The Words We Keep

: Chapter 26



“What is she doing here?” Alice glares at Micah.

“I should go.” I scoot my chair back. It screeches across the ground, and everyone turns to stare at me. Micah puts his hand on my arm.

“Stay.”

He and Alice are having some sort of silent eyebrow battle. Apparently she loses, because she huffs into a chair and murmurs to a girl next to her. A man in an afghan-style poncho with his hair wrapped into a man-bun steps up onto the small stage at the front of the room. I laugh when everyone else does, except I’m not really listening, mostly deliberating ways to implode into stardust each time Alice shoots me serious side-eye.

But now the poncho man is saying Alice’s name, and she stands up and walks to the stage. Micah’s smiling at me, mischief in his eyes as Alice takes the mic.

“So, I want to talk about being crazy,” she says, her voice slightly unsteady. “And no, I’m not talking about that one jerk who always says he’s bipolar when the word he’s looking for is jackass.”

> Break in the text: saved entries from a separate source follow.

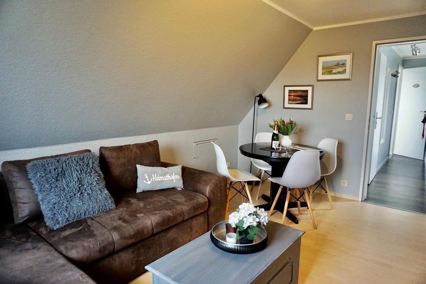 Die gemütliche Ferienwohnung ,,Deichblick'' bietet im Dachgeschoss auf 55 qm Platz für bis zu 3 Personen. Dank des Doppelbettes und dem Schlafsofas ist die Wohnung für 2 Erwachsene und 1 Kind geeignet.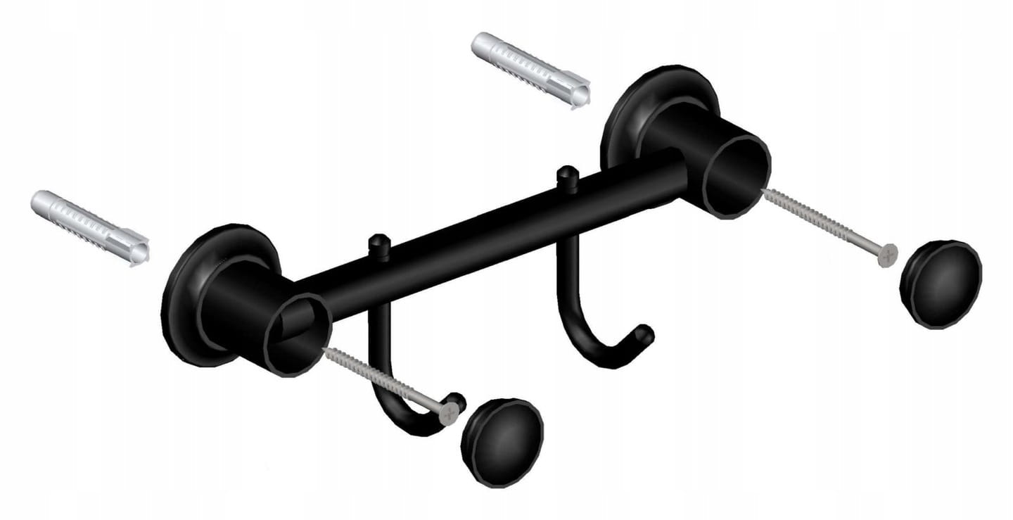 Nazwa produktu: Wieszak 2-hakowy czarny MAT ze stal nierdzewnej na kołki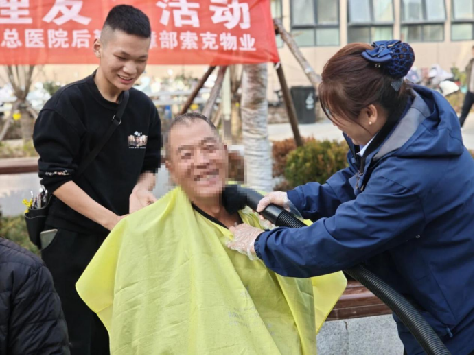 下午两点半,活动准时启动。闻讯而来的患者和家属在后勤保障部工作人员与索克公司志愿者的引导下,有序取号、排队。现场没有喧哗,只有剪刀的“咔嚓”声和推子的“嗡嗡”声此起彼伏,交织成一曲温暖人心的乐章。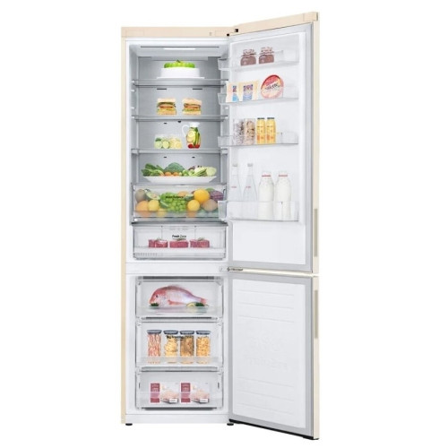 Более быстрое и равномерное охлаждение благодаря многопоточному охлаждению Multi Air Flow и технологии DoorCooling+. Шум от работы снижен до 36 дБ. Складная в два этапа полка позволит разместить более габаритные предметы. Удаленное управление настройками холодильника с приложением LG ThinQ. Технология LG Total No Frost позволяет не размораживать морозильную камеру.

The room titters with laughter. What is going on here? Since when does Alice do stand-up?

“But I was crazy before crazy was cool.” She looks down at me and hesitates. “I’m bipolar. When my doctor told me my diagnosis, I said, ‘I don’t know whether to laugh or cry.’ And she said, ‘Exactly.’ ”

The room busts into laughter. I do, too. Alice smiles, wide and bright like the big sister of my childhood, and she stands a little straighter. She paces across the stage, easy, like she belongs up there. When the spotlight catches the waves in her hair, she looks exactly like Mom.

“I spent some time recently at a treatment center, which usually makes people feel sorry for me. But maybe we’re not the crazy ones.” She stops midstage and taps her finger on her head. “Three meals a day and all the craft glue and glitter you can eat? Sign me up!”

She’s incredible. Working the room like so much clay in her hands. Micah looks at me, eyebrows raised like What do you think? I shake my head to say I can’t believe it.

“And you want to feel like the best stand-up comedian in the world? Give your show in front of a bunch of girls hopped up on happy pills. Instant. Ego. Boost. I mean, really, there’s a lot of great things about being bipolar. Like one time, my boyfriend said, ‘We’re breaking up. I don’t love you anymore.’ ” And I said, ‘Wait ten minutes. I’ll change!’ ”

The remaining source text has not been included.